How to Make a Texture Board for Slab-Built Pottery


Texture can be addictive in pottery, and there are an infinite variety of tools that can be used to create texture. Of course, the best texture tools are homemade because you can really make your own mark.

In today’s post, an excerpt from the Pottery Making Illustrated archives, Larry Elardo demonstrates how he makes textured boards and uses them to make slab built pottery. I must experiment with this!

– Jennifer Harnetty, editor.

Modeling Textures

To create a custom texture board, start with a piece of plywood or tempered hard board; artist’s quality acrylic modeling paste, available at most art/craft stores; putty knife, trowel, and textured ribs, notched trowels or homemade texture tools. You can make your own texture tool by cutting step flashing (a light-weight galvanized metal used on roofs) with tin snips (figures 1). Spread the paste evenly on the wood with a putty knife or trowel. Then draw a design into the paste using one of the texture tools (figures 2). Allow the board 24 hours to dry before using.
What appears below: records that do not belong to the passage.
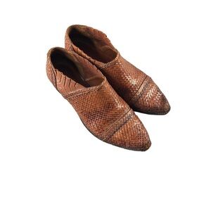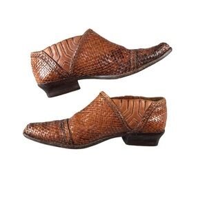 VTG Cole Haan Boho Tan Woven Pointy Toe Low Ankle Booties Western Cowgirlcore
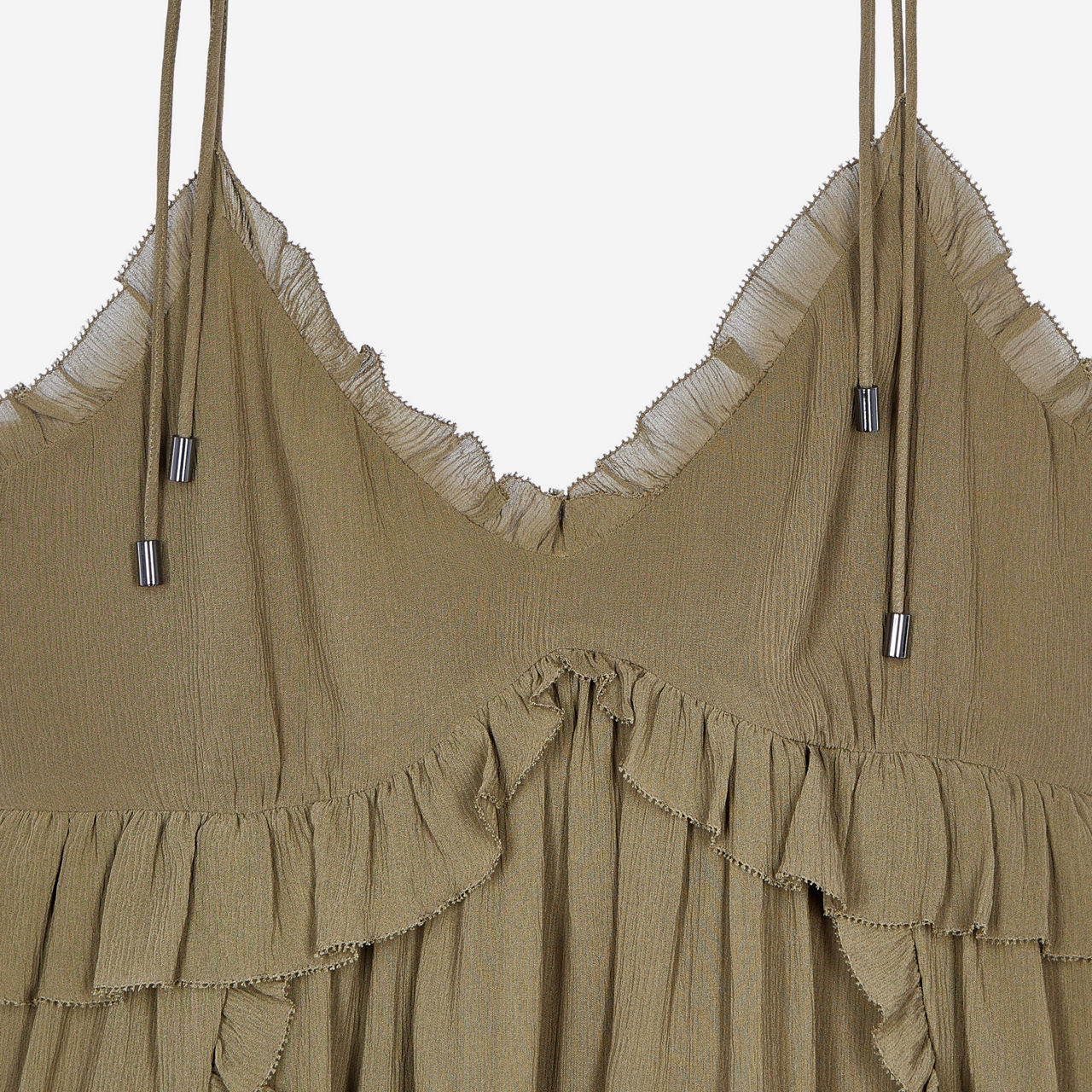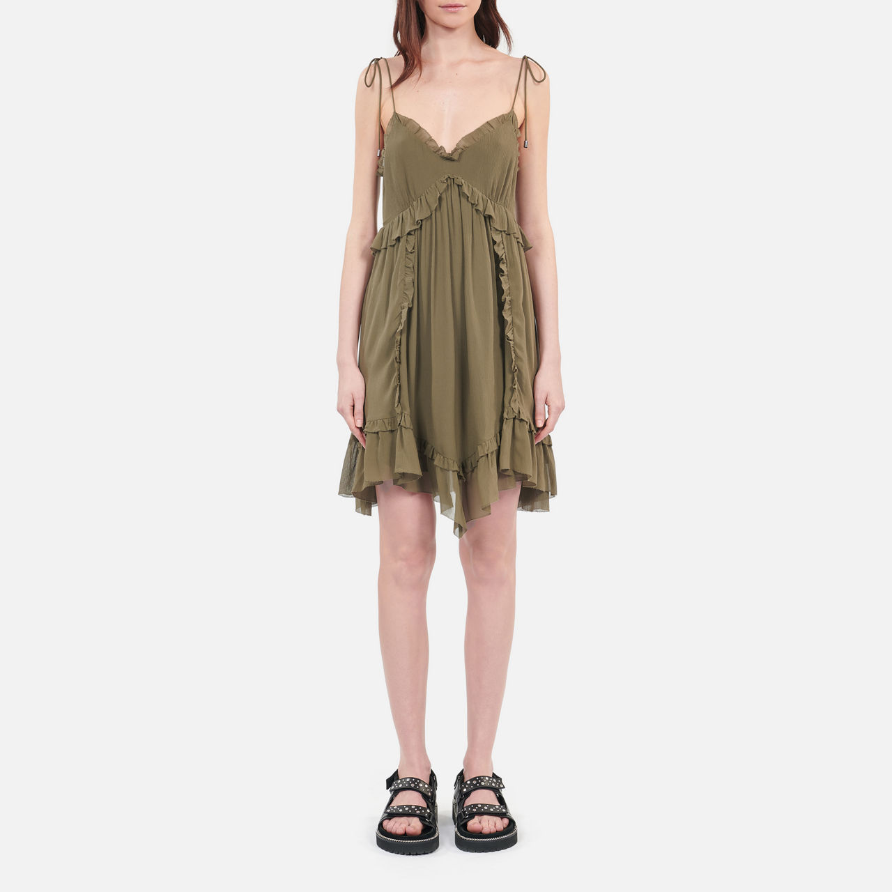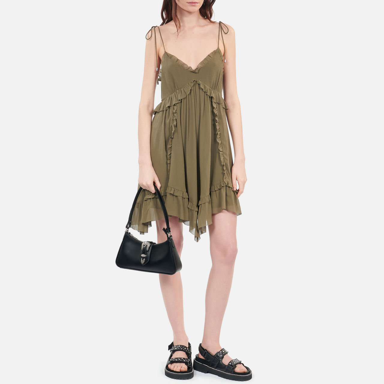 - Mini length, sleeveless, silk fabric, thin adjustable tie straps, empire fitted waist, ruffle trim, V-neckline, asymmetric hem, low back, lined
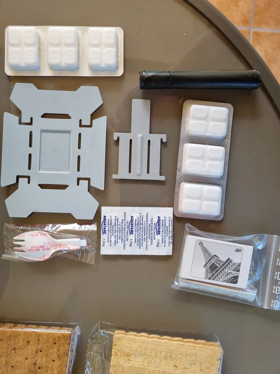 Francuskie racje żywnościowe całodobowe. To te najlepsze na rynku. Prawie dwa kilogramy dobra, w tym: dwa posiłki główne, zupa, muesli, czekolada, dwa batony energetyczne, nugat energetyczny, żelek energetyczny, napój izotonik, paka ciasteczek, dwie kawy, dwie herbaty, konserwa mięsna małą, deser (ryż na mleku lub panna cota lub daktyle lub śliwki), kakao, dżem, cukier, kuchenka turytyczna, paliwo suche, zapałki, tabletki do odkażania wody, przyprawy, paczka chusteczek, worek na śmieci, widelczyk.
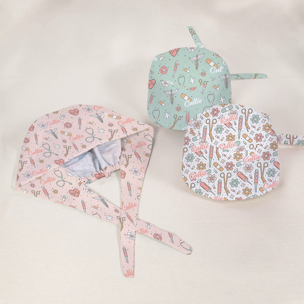 The cap is printed with floral and other medical element patterns, breaking the monotony of the traditional scrub cap. Customizable names create a "gentle and healing" atmosphere in the overall design, allowing medical staff to showcase their unique personalities even in busy work.
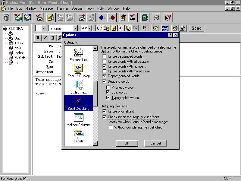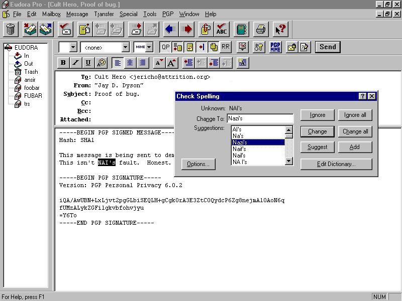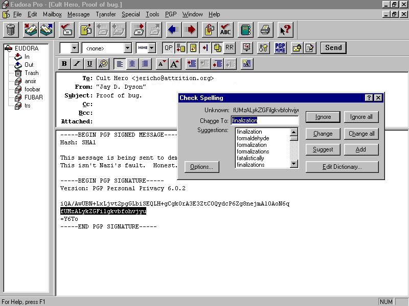 Eudora invokes PGP and signs message, then initiates spellcheck. One word is
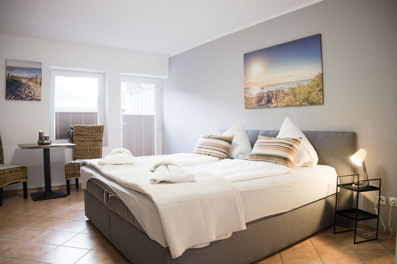 Das Doppelzimmer "Rollmops" mit separater Küche in der Pension "Seeräubär" in Koserow, einem idyllischen Seebad an der Ostsee, bietet auf 24 m² Platz für maximal 2 Personen. Sie verfügt über eine kleine Küche mit Gefrierkombi, ein gemütliches Zimmer und ein Badezimmer. Die Ausstattung umfasst eine Terrasse, auf der Sie entspannte Stunden im Freien genießen können. Auch Haustiere sind in der Unterkunft herzlich willkommen. Ein Pkw-Stellplatz ist ebenfalls vorhanden.
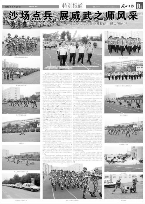 6月27日上午9時,在周口市公安局寬闊的訓練場上,蔥綠的草坪更顯生機。“爭做社會治安的巡邏隊,搶險救災的突擊隊”、“筑牢社會責任,服務平安周口”等巨幅標語在充氣氣球的載送下迎風飄揚,會場主席臺上方,“周口市保安服務公司2011式服裝換裝儀式暨業(yè)務技能匯報表演”的橫幅格外醒目。遠處,場地兩側有序地擺放著若干軍事訓練器械,儀容嚴整的保安隊員們肅立在訓練場一旁。這里,一場氣勢恢宏的業(yè)務技能練兵匯報演出即將啟幕。
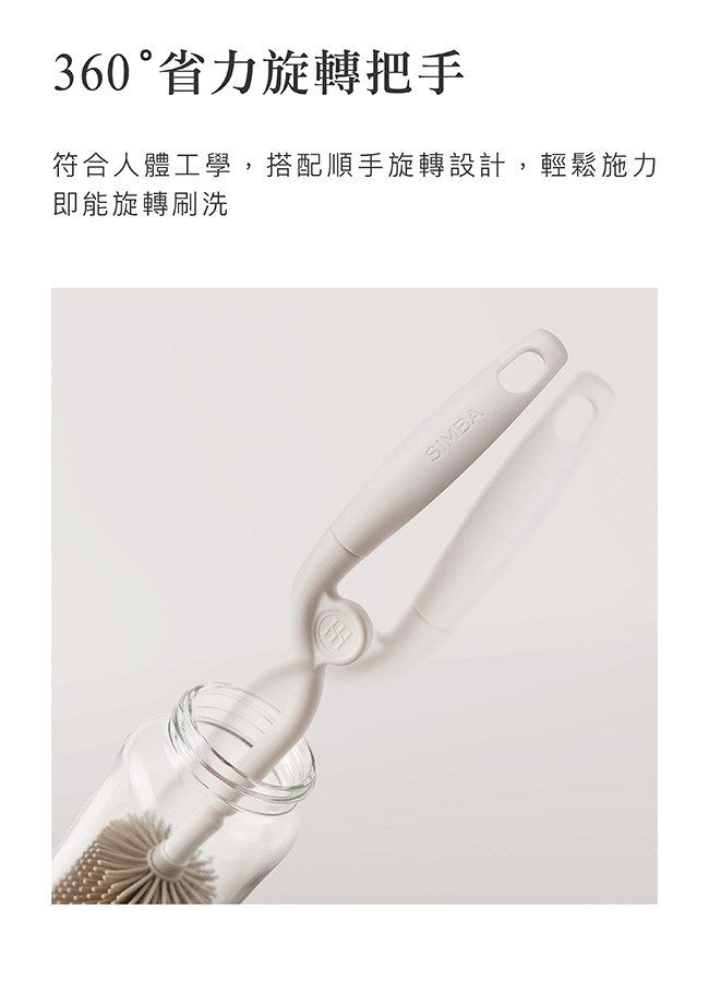 ●零死角貼合瓶身,輕易將奶瓶內側與瓶底清潔乾淨。
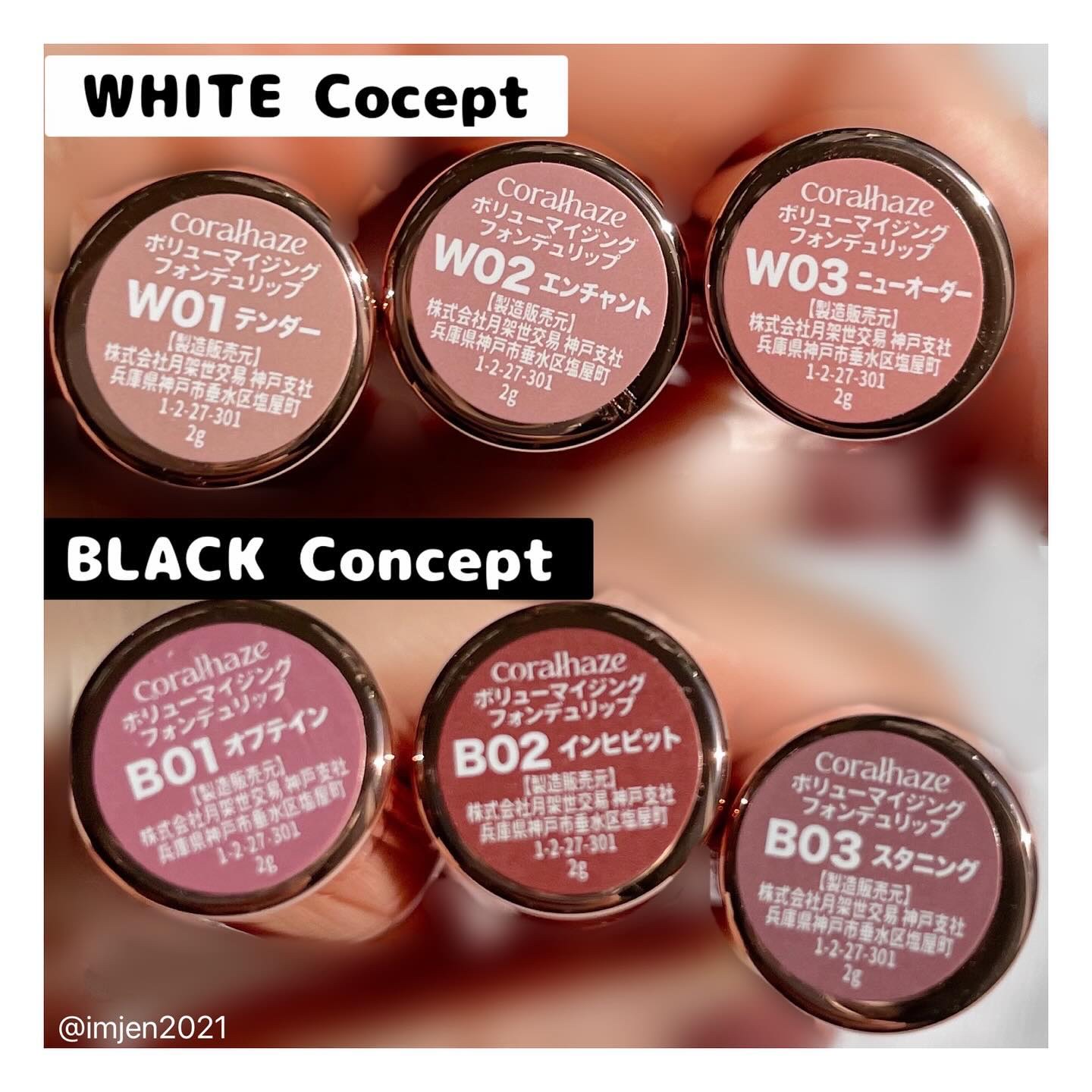 - White コンセプト / Blackコンセプトでお馴染みのCoralhazeから新たに6色追加となります。 特にBlackコンセプトに対する期待の声が寄せられていたこともあり、今回Black コンセプトから既存のBlack LineよりもさらにトーンダウンしたDark Lineが新登場。 番号の前にWが付いている商品はwhite Line、Bがついている商品はBlack Line、Dが付いている商品はDark Lineとなります。 1.唇に軽くメルティングされ蜂蜜を塗ったようなプルンとした輝きを与えます 2.プランパー成分配合でクーリング感とともにふっくらとしたボリューム、ツヤ感を与えます 3.ベタつきの少ないテクスチャーで重ね塗りしても快適に使用 4.パーソナルカラーに合わせて選べる10種類のカラー 5.高級感のあるゴールド色の容器を使用し感性的な満足感をお届けします 6.唇を保護し、保湿感を与えるスキンケア成分を配合 韓国では 「自身が持っている魅力をコーラルヘイズがより引き出す」 というパステルカラー調のコンセプトになっておりますが日本では今までの韓国コスメにはない、Black or White コンセプトになっております。 Black Lineはブラウンチョコレートを一滴垂らしたようなカラー White Lineは生クリームを一滴垂らしたようなカラー

Since the paste remains workable for only 15–20 minutes, Larry suggests readying all supplies before beginning. He spreads a layer of paste 3⁄16–1⁄4 inch thick, depending on the depth of the notch in the trowel. A design may be layered into the paste on top of a background texture (figure 3). Clean extra putty from the edges to leave neat borders or continue the texture to the edge of the board (figure 4).

Imprinting the Design

To use the texture board, roll out a slab of clay and smooth it with a rib. Spray WD40 or vegetable oil on the prepared texture board and use a toothbrush to work lubricant into grooves. This allows the clay to release cleanly with the most detail from the surface. Lay the clay slab on the board (figure 5) and, using a rib, smooth the clay down into the texture board.


“One of the tricks I’ve learned to get good, clean impressions is to work from the outside edges of the slab to the center, pushing the clay down into the grooves,” Larry says. “You want to get the clay attached so that the slab doesn’t move around. This way you don’t get a duplicated pattern in spots.”

Flip the texture board over and allow the weight of the slab to gently release from the board. Sandwich the slab between boards and flip once again, laying it gently, design-side down.

Larry Elardo teaches pottery at Essex Art Center and Two Rivers Ceramics in Massachusetts. To view more of his work, visit


**First published in January 2013
  • I have made ribs similar to what they show here but cutting an old gift card with Fiskars Paper Edgers, sissors similar to pinking shears but with many different designs. They cut the stiff plastic easily and it’s safer than the flashing.

  • Not sure why you would want to use a material for a texture that does not release naturally from clay. The thought of using oil as a release just sounds horrible.
    Why not make the textures in a slab of clay (with a layer of slip if you want that look), then cast it in plaster and then you have a great plaster slab that releases effortlessly. I use textured plaster slabs and yes, they are heavier, but besides easy release, the other great advantage i find is that they slightly dry the surface of the clay so that when you are working the form from your slab, the textured surface can take a lot of handling without the texture being damaged as it is that little bit dry (while the slab is still completely pliable).

  • Good thinking, Denise. I think for temporary patterns that Larry’s method is good, but you’re right on the use of plaster for designs you may want to keep and reuse.